_Work to complete:_ Output exactly the lines from the first line of the records below through the line containing "Ημερολόγιο πορτραίτου εργάσιμων", both included, leaving out any pictures.

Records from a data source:

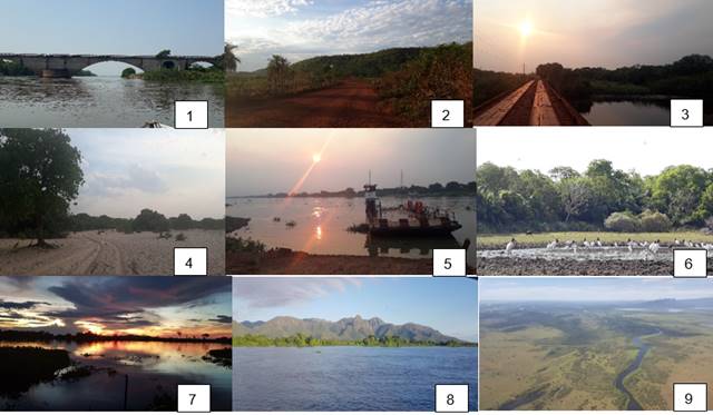 Legenda: 1 – Caminhos no Baixo Pantanal; 2, 3, 4, 5 e 6 – Caminhos no Médio Pantanal; 7, 8 e 9 – Caminhos no Alto Pantanal.
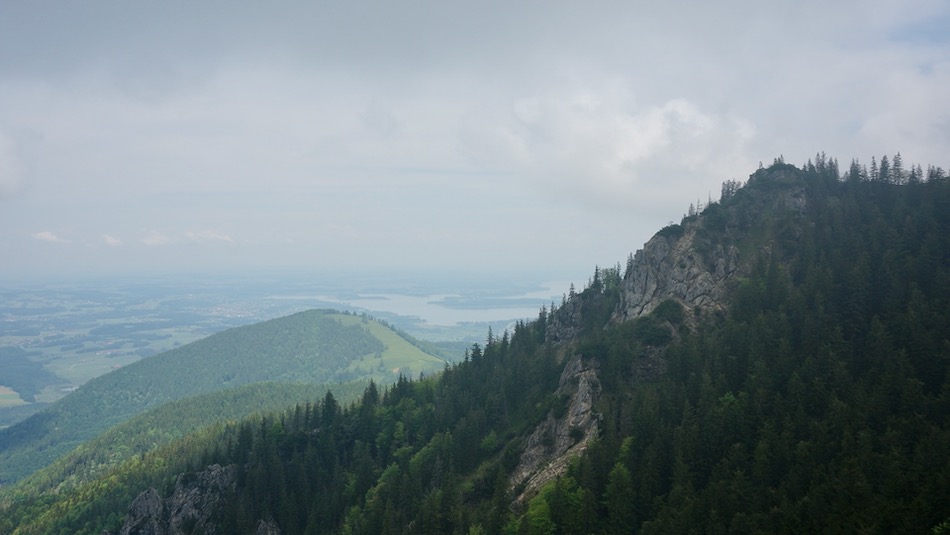 Und diesmal war es zwar sehr diesig, aber keine Wolke und kein Nebel verdeckten den Blick auf den Chiemsee und das imposante Schloss Hohenaschau im Tal.
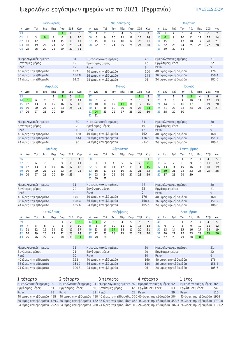 Ημερολόγιο πορτραίτου εργάσιμων ημερών για το έτος
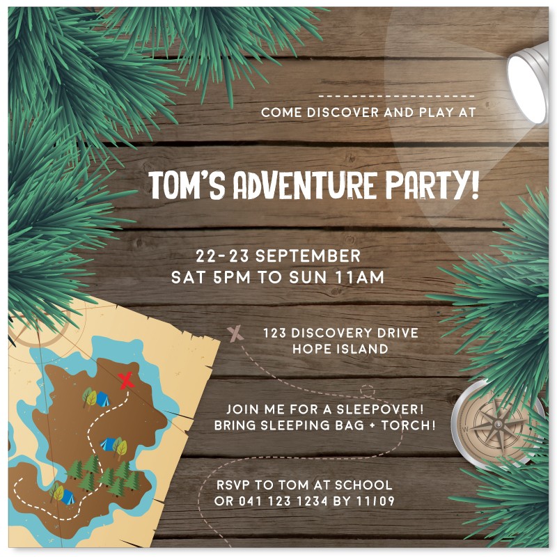 Plan a fun adventure party with Paper Divas designer Invitations. Personalise online in minutes using our unique card editor. Satisfaction Guaranteed.
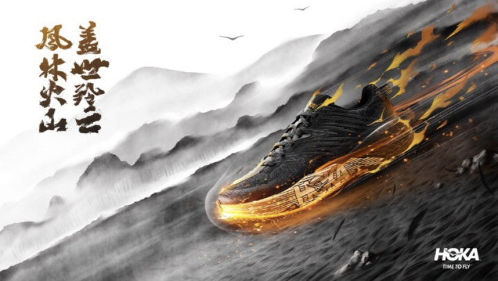 2021年3月,HOKA ONE ONE推出Speedgoat 4「羚云」配色跑鞋,灵感来自于中国传统文化经典《孙子兵法》中的“风林火山”,即“其疾如风、其徐如林、侵掠如火、不动如山”,对应在越野跑上,则代表着速度、节奏、能量、毅力。鞋款名称“羚云”则与“凌云”谐音,在外观设计上,象征古代帝王尊贵地位的黑金为主色调,鞋侧以中华特色的“祥云”图案点缀。

_Task answer:_
 Legenda: 1 – Caminhos no Baixo Pantanal; 2, 3, 4, 5 e 6 – Caminhos no Médio Pantanal; 7, 8 e 9 – Caminhos no Alto Pantanal.
 Und diesmal war es zwar sehr diesig, aber keine Wolke und kein Nebel verdeckten den Blick auf den Chiemsee und das imposante Schloss Hohenaschau im Tal.
 Ημερολόγιο πορτραίτου εργάσιμων ημερών για το έτος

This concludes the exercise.